A neural network is loosely based on how the human brain works: many neurons connected to other neurons, passing information through their connections and firing when the input to a neuron surpasses a certain threshold. Our artificial neural network will consist of artificial neurons and synapses with information being passed between them. The synapses, or connections, will be weighted according to the neuron’s strength of influence on determining the output. These synaptic weights will go through an optimization process called backpropagation.
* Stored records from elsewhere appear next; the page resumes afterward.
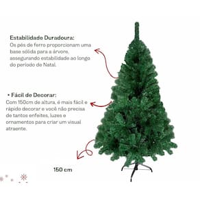 Sua estrutura robusta, composta por PVC, ferro, plástico e metal, garante durabilidade e estabilidade. Com 380 galhos densos, ela proporciona um visual exuberante que permite personalizar sua decoração com enfeites à sua escolha. A base de metal assegura que a árvore permaneça firme durante toda a temporada.
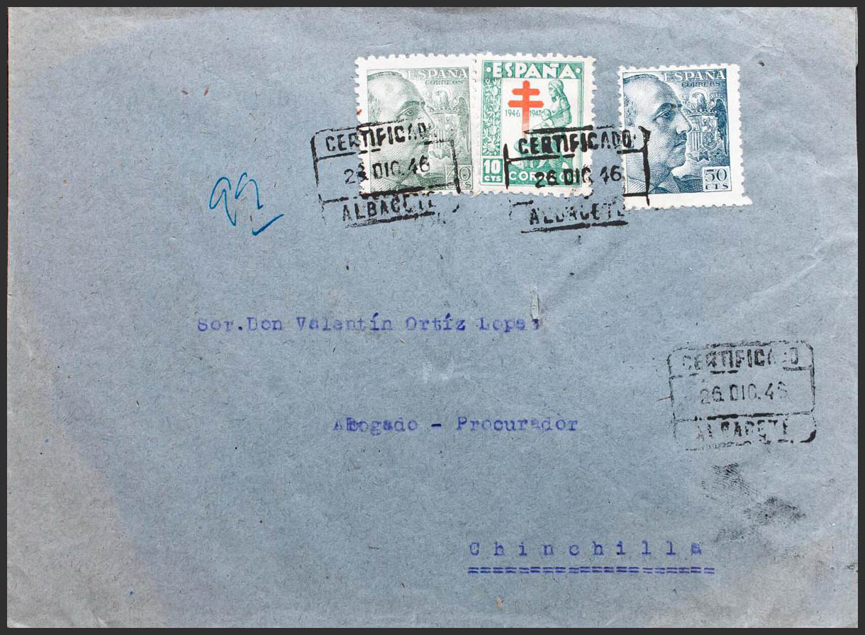 Estado Español Correo Certificado. PROTUBERCULOSO. CERTIFICADO / ALBACETE. MAGNIFICA.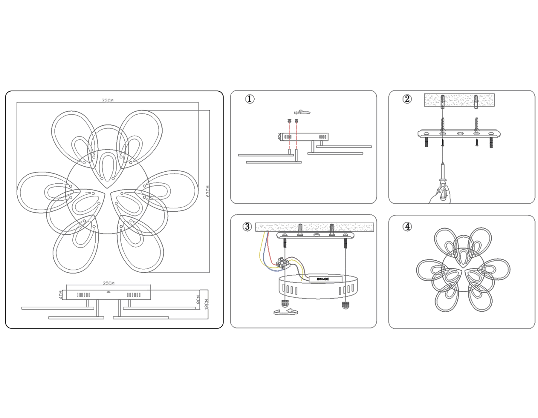 - Диаметр потолочной чаши:

For each iteration during the training process, backpropagation will be used to go back through the layers of the network and adjusts the weights according to their contribution to the neural net’s error.
Neural networks are essentially self-optimizing functions that map inputs to the correct outputs. We can then place a new input into the function, where it will predict an output based on the function it created with the training data.
Neural Net’s Goal
This neural network, like all neural networks, will have to learn what the important features are in the data to produce the output. In particular, this neural net will be given an input matrix with six samples, each with three feature columns consisting of solely zeros and ones. For example, one sample in the training set may be [0, 1, 1]. The output to each sample will be a single one or zero. The output will be determined by the number in the first feature column of the data samples. Using the example given before, the output for [0, 1, 1] would be 0, because the first column contains a zero. An example chart will be given below to demonstrate the output for each input sample.
Full Code
Output:
[[0.99089925]] - Correct: 1
[[0.006409]] - Correct: 0
Code Breakdown
import numpy as np
import matplotlib.pyplot as plt
Before getting started, we will need to import the necessary libraries. Only two libraries will be needed for this example, without plotting the loss we would only need Numpy. Numpy is a python math library mainly used for linear algebra applications. Matplotlib is a visualization tool that we will use to create a plot to display how our error decreases over time.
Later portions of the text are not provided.